Leave the images out. Give every line below again, precisely.

**Data extract:**
========

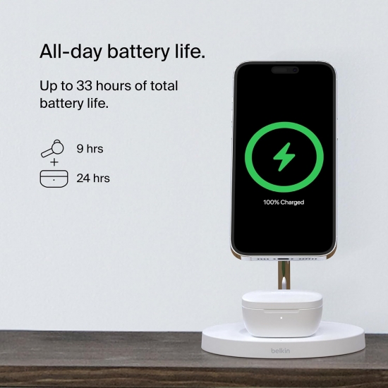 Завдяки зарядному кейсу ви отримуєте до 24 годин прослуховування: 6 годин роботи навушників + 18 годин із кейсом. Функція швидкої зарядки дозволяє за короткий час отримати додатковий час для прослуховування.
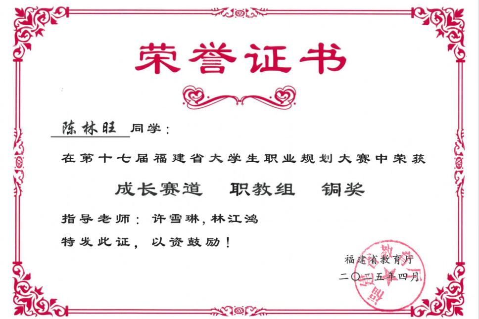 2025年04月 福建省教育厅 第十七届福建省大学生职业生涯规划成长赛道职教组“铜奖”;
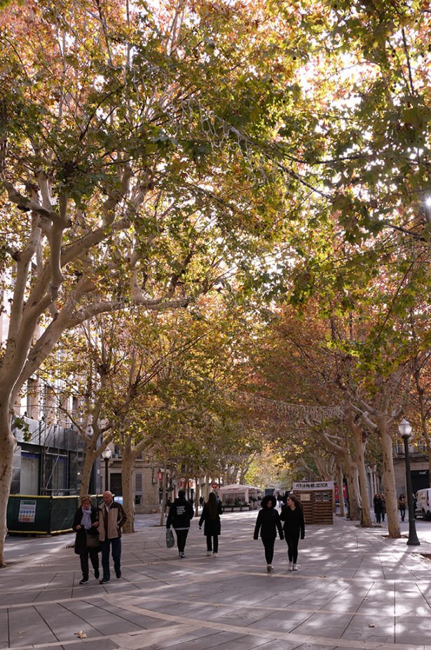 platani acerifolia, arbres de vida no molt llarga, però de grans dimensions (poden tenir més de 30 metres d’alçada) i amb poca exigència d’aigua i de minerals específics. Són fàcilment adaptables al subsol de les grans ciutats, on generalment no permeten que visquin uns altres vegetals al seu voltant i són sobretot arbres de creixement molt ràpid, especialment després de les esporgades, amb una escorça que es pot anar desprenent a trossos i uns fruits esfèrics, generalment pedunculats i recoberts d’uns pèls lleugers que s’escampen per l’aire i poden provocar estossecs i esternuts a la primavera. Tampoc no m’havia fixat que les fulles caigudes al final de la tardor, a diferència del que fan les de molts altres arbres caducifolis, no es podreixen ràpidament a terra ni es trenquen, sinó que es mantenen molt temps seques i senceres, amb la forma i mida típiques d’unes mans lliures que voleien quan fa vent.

========

**Result of the task:**
 Завдяки зарядному кейсу ви отримуєте до 24 годин прослуховування: 6 годин роботи навушників + 18 годин із кейсом. Функція швидкої зарядки дозволяє за короткий час отримати додатковий час для прослуховування.
 2025年04月 福建省教育厅 第十七届福建省大学生职业生涯规划成长赛道职教组“铜奖”;
 platani acerifolia, arbres de vida no molt llarga, però de grans dimensions (poden tenir més de 30 metres d’alçada) i amb poca exigència d’aigua i de minerals específics. Són fàcilment adaptables al subsol de les grans ciutats, on generalment no permeten que visquin uns altres vegetals al seu voltant i són sobretot arbres de creixement molt ràpid, especialment després de les esporgades, amb una escorça que es pot anar desprenent a trossos i uns fruits esfèrics, generalment pedunculats i recoberts d’uns pèls lleugers que s’escampen per l’aire i poden provocar estossecs i esternuts a la primavera. Tampoc no m’havia fixat que les fulles caigudes al final de la tardor, a diferència del que fan les de molts altres arbres caducifolis, no es podreixen ràpidament a terra ni es trenquen, sinó que es mantenen molt temps seques i senceres, amb la forma i mida típiques d’unes mans lliures que voleien quan fa vent.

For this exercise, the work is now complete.